Reduced it and checked again. Array size is 2000 now. Kept Rows per Transaction as 0 and Prefetch memory to 1024.
The job takes 1 hr to run now.

chulett · Post by **chulett** » Thu Dec 02, 2010 8:31 am

'Sweet spot' means you have to try various values, dialing it up and back down again until you find the appropriate value for this combination. Many things can affect this with the setting you've mentioned only part of it, for example your average record length, indexes on the target, disk subsystem write speed, database settings, how often you commit, network traffic, etc etc etc.

DataStage isn't anything magical and is just another Oracle client. It leverages the standard OCI interface and TCPIP transport layer and tuning loads for a job isn't all that different from going through the same exercise outside of the tool with the exception of understanding how the DataStage engine plays a role here and the movement path of the data (possibly) across your network. For large data volumes with minimal transformations with a single instance, sometimes it is better fall back on native tools like sqlplus / sqlldr / plsql rather than a tool that is meant to be able to extract and load heterogeneous data from anywhere to anywhere.

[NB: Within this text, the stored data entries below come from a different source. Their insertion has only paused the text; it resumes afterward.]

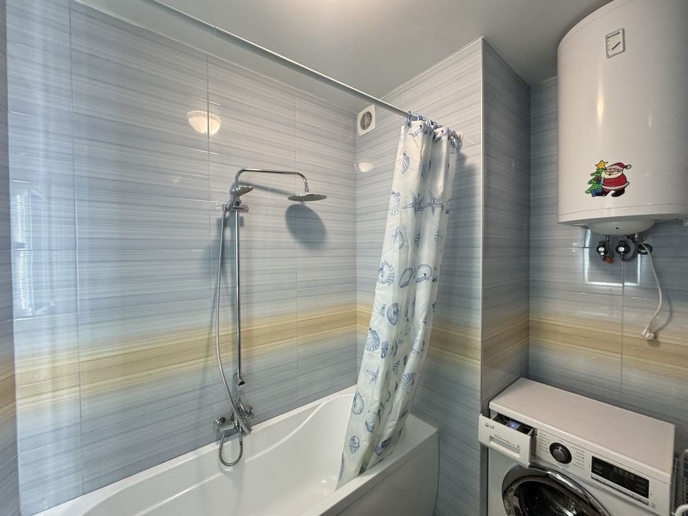 Укомплектована меблями та технікою: пральна машина, бойлер, холодильник, духова шафа, варильна поверхня, витяжка, чайник та телевізор.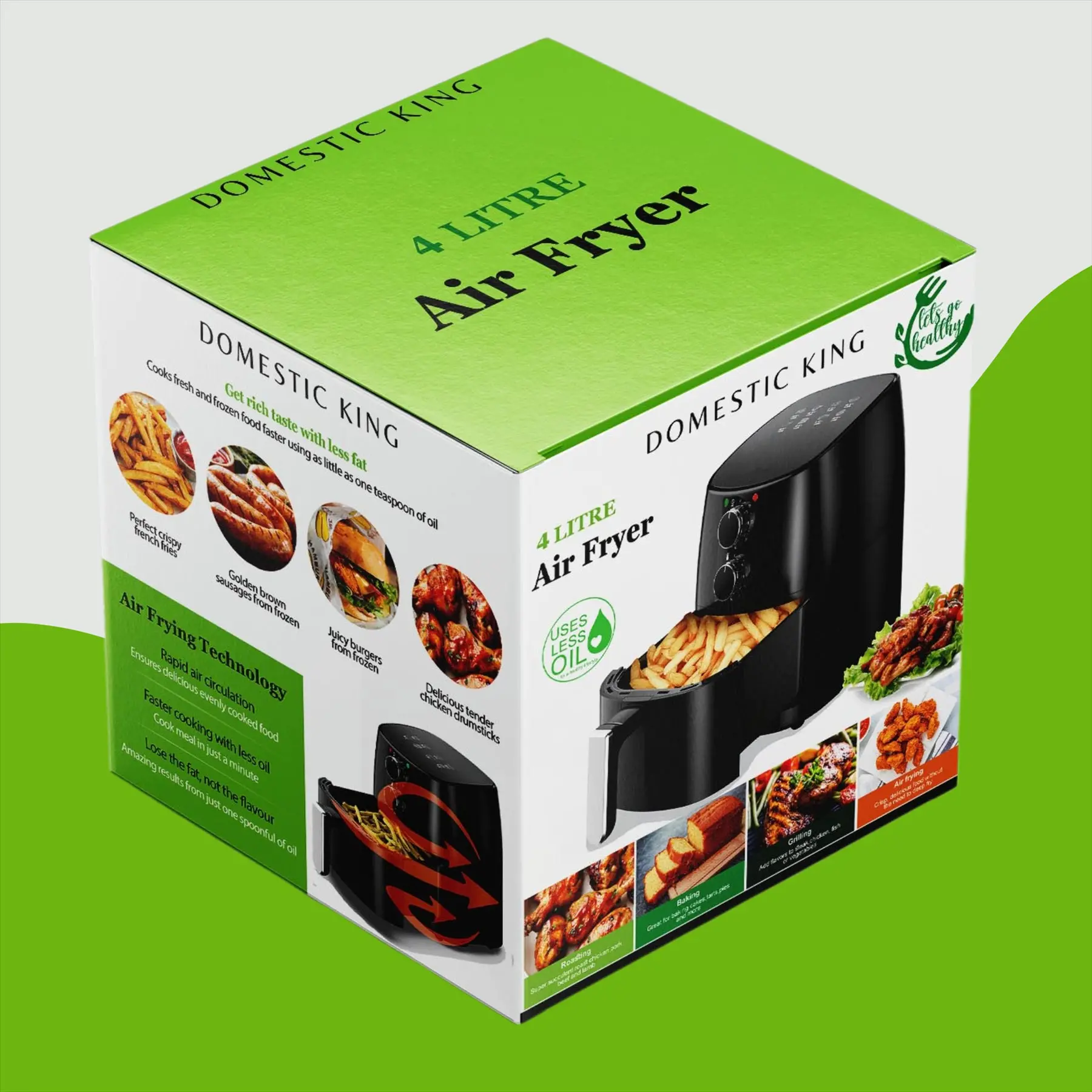 Healthy Eating: Prepare food with less oil or fat: With the Domestic King Air Fryer enjoy your crispy meals with less grease and fat.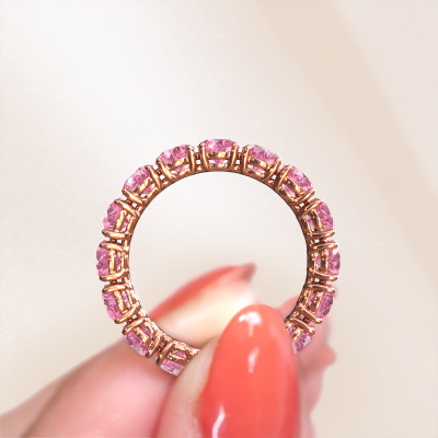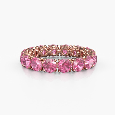 Dieser Vivienne 4.0 Vorsteckring in 14 Karat Roségold ist mit Pink Saphir besetzt. Dieser Roségold Vivienne 4.0 Ring ist die perfekte Ergänzung zu Ihrer Ring-Kollektion! Wie der Name schon sagt, ist es ein Ring, der an einem Finger mit einem anderen Ring kombiniert werden kann. Das gibt Ihnen die Möglichkeit, Ihren eigenen Stil zu schaffen. Ein Vorsteckring repräsentiert normalerweise eine bestimmte Erinnerung an jemand Besonderen, oder an einen denkwürdigen Moment. Es ist üblich, einen Vorsteckring, welcher ein Jubiläum darstellt, mit einem Trauring zu kombinieren. Aber dieser eternity Ring, kombiniert mit Ihren anderen Ringen, ist auch ein klassisches Modeobjekt. Ein individueller, moderne eternity Vorsteckring ist das perfekte Geschenk! Unser Team von leidenschaftlichen Goldschmieden fügt täglich neue exquisite Designs hinzu. Und jedes Design kann angepasst werden. Passen Sie zum Beispiel einfach die Edelmetalle und die Farbe der verwendeten Edelsteine an. Das macht Ihr Design des moderne Vivienne 4.0 Vorsteckring wirklich einzigartig!Da wir unsere eigenen Ringe entwerfen und liefern, können wir Ihnen einen Ring zu einem Preis anbieten, den Sie nirgendwo anders finden. Ein Ring wird auf Bestellung angefertigt, wodurch kein überschüssiges Material anfällt. So können wir Ihnen ein gutes Angebot zum besten Preis machen. Wir verstehen, dass es sich riskant anfühlt, Ihren Ring online zu kaufen. Jedoch helfen wir Ihnen gerne beim Designprozess unter Berücksichtigung Ihres Budgets.Um es einfacher zu machen, bieten wir eine kostenlose 30-tägige Rücksendung.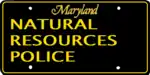 Natural Resources Police Screen-printed yellow slogan stacked vertically on black background, state name screen-printed and centered at top in yellow, serial screen-printed and stacked in yellow offset right. NATURAL/RESOURCES/POLICE 1/2/3

Abhijeet1980 · Post by **Abhijeet1980** » Thu Dec 30, 2010 9:51 am

Arpit,

Pls get in touch with your DBA, he would certainly be in good position to help you.

He may also help you know the differences in the behaviors of your queries (Toad and DataStage).

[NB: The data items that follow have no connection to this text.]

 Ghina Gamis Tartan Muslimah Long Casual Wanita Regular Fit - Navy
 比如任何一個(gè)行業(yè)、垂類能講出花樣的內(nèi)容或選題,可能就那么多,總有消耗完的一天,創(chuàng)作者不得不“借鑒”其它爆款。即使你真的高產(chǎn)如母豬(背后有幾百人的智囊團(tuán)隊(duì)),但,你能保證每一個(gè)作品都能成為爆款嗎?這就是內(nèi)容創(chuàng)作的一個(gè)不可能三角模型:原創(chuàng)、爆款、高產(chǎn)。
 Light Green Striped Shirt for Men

Lastly, try posting your query here.

Kind regards,
Abhijit Gaikwad

Post by **daignault** » Thu Dec 30, 2010 10:08 am

Hi All,

Why not create custom SQL within the Oracle stage? This way you won't pull 17Million rows of data across the net. Datastage can initiate the SQL thru a Datastage job.

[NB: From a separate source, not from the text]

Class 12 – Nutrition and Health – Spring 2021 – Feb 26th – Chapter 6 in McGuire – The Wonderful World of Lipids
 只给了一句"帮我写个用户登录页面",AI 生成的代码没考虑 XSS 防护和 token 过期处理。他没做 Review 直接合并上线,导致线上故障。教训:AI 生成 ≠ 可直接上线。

I'm at a site right now where we are trying to do something similar, but with 2.3 BILLION rows of data on a multi-node grid. The designer tried to pull the data into Datastage across the network and process. By processing the data first on the source system before pulling the subset of rows into the datastage environment, we shaved 8 hours off the job execution time.

In larger sites with higher data volumes, the Network can become the primary bottleneck. So we removed it.

Regards